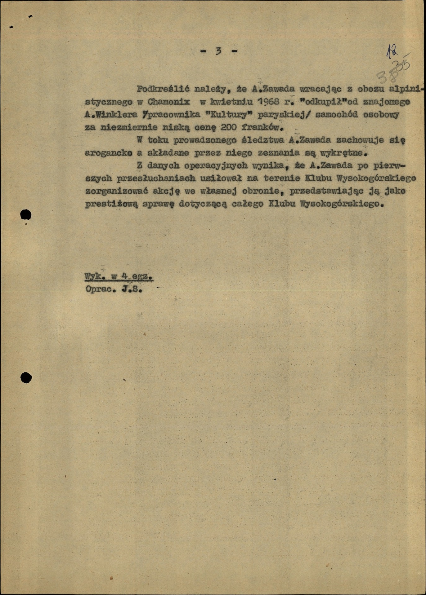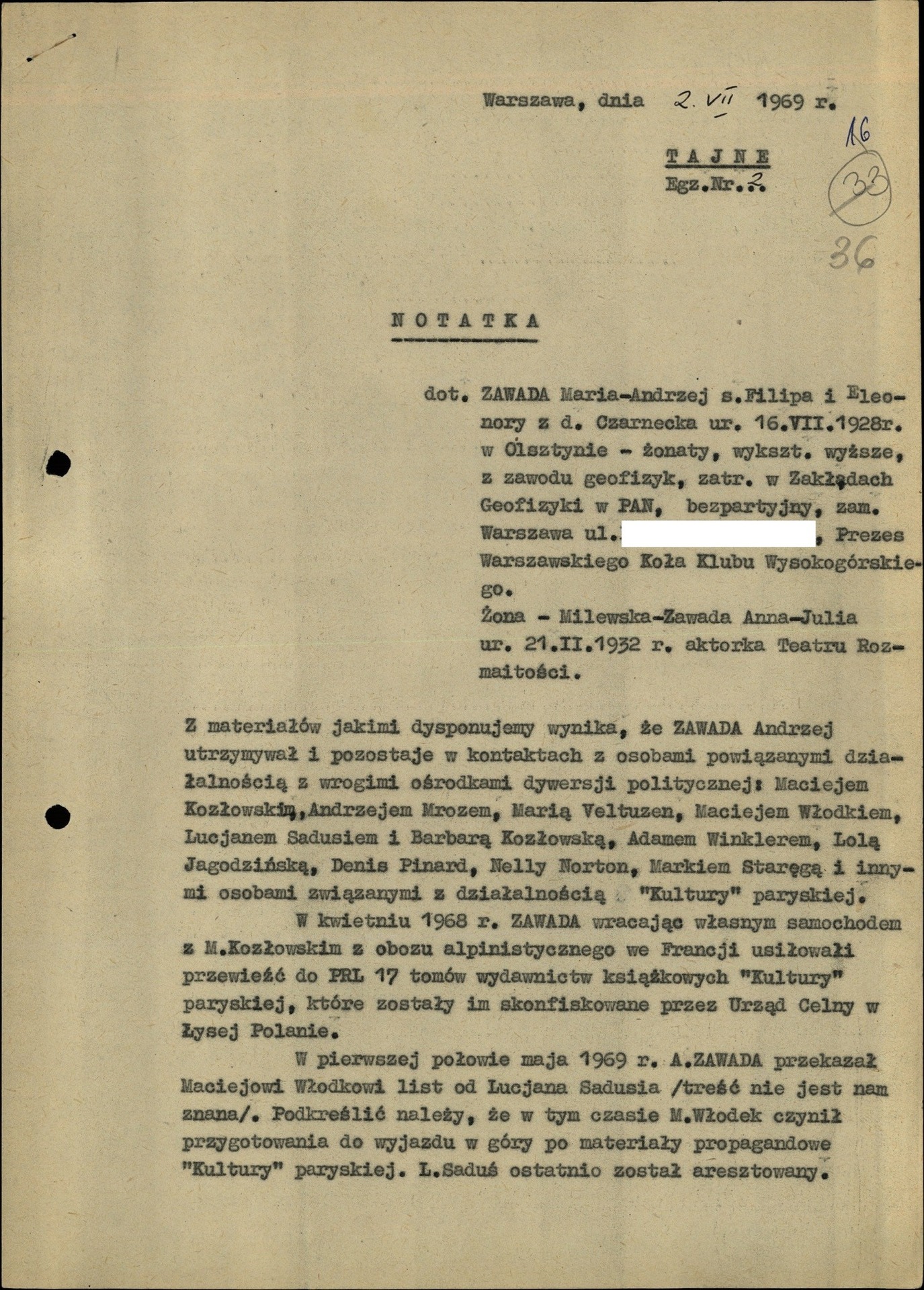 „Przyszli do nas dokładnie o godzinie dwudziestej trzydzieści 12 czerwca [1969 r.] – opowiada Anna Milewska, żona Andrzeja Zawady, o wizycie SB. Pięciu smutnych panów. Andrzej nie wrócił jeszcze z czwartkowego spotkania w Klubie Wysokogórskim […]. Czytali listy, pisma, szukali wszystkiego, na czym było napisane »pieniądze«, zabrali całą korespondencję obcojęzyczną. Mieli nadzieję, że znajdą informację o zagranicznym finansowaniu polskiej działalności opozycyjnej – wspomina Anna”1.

##############################

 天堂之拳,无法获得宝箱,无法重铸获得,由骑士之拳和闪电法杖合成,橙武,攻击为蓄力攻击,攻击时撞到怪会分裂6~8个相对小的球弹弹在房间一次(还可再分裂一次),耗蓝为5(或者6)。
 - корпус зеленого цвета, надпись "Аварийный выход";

##############################

■ What is needed ■
Of the entries above, repeat exactly the lines between the line with "天堂之拳,无法获得宝箱,无法" and the line with "- корпус зеленого", inclusive, and no others.

■ Solved problem ■
 天堂之拳,无法获得宝箱,无法重铸获得,由骑士之拳和闪电法杖合成,橙武,攻击为蓄力攻击,攻击时撞到怪会分裂6~8个相对小的球弹弹在房间一次(还可再分裂一次),耗蓝为5(或者6)。
 - корпус зеленого цвета, надпись "Аварийный выход";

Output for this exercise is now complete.